It's always a house.
In shelved books, in five-drinks-in five a.m talks, in cheap rhymes and lavish ones—commonplace for anywhere you can find words on, a standard metaphor to stumble upon. Infrastructure lets itself be borrowed for anatomy and soul: a soot-tainted chimney standing for smoker’s lungs, the fire burning warm at its feet for scorching anger, the crayon scribbles on nursery wallpapers like the prints of anyone an angry smoker has ever loved, shutters as eyelids and walls for bones and tablecloths for clothes and pillars as brawn.
An easy metaphor, a house as a body. A lazy one. Sluggish, yawning Metaphor, craving a nap, a break from being used up. Boring enough to make me look up from my page and at everyone else sitting around the table, writing about vessels vined in breezeblocks and headache diagnoses from front door knocking. Dreary enough to make me want to leave the room.
So I do.
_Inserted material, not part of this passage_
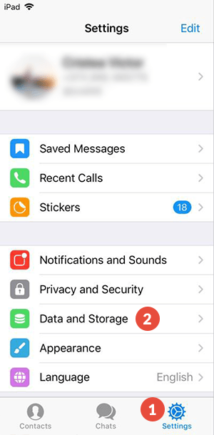 Tap on Settings (1) and tap on Data and Storage (2).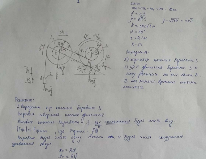 Типовой расчет по теоретической механике, "Общие теоремы динамики", зачтено

The door closes shut like a wind’s mistake, clicks, and it stands between me and the other side of the bone-white wall, an oaken bodyguard of drowsy writers working on.
Go on. Look around the room.
Chair. Tables. Walls. Oh, a roof leak.
No. Really look, I mean.
Lining paper yellowing in the places where hands and chair tops brushed past for years. Shiny furniture with dust collecting in the crannies out of sight. A bowl of food (dog one, full to the brim—human one, empty with a filthy rim). Rusty hinges and inherited silverware.
Marked up, unkempt on weekdays, prettied up for visitors, its value found in numbers, its keys given out for access, put up for rent or sold to the best offer, filthy, hungry, painted, remodeled, lived in, abandoned—and they won’t let me back in now, but I’m scratching on the body-guard's wooden trunk to write down about body-like house limbs.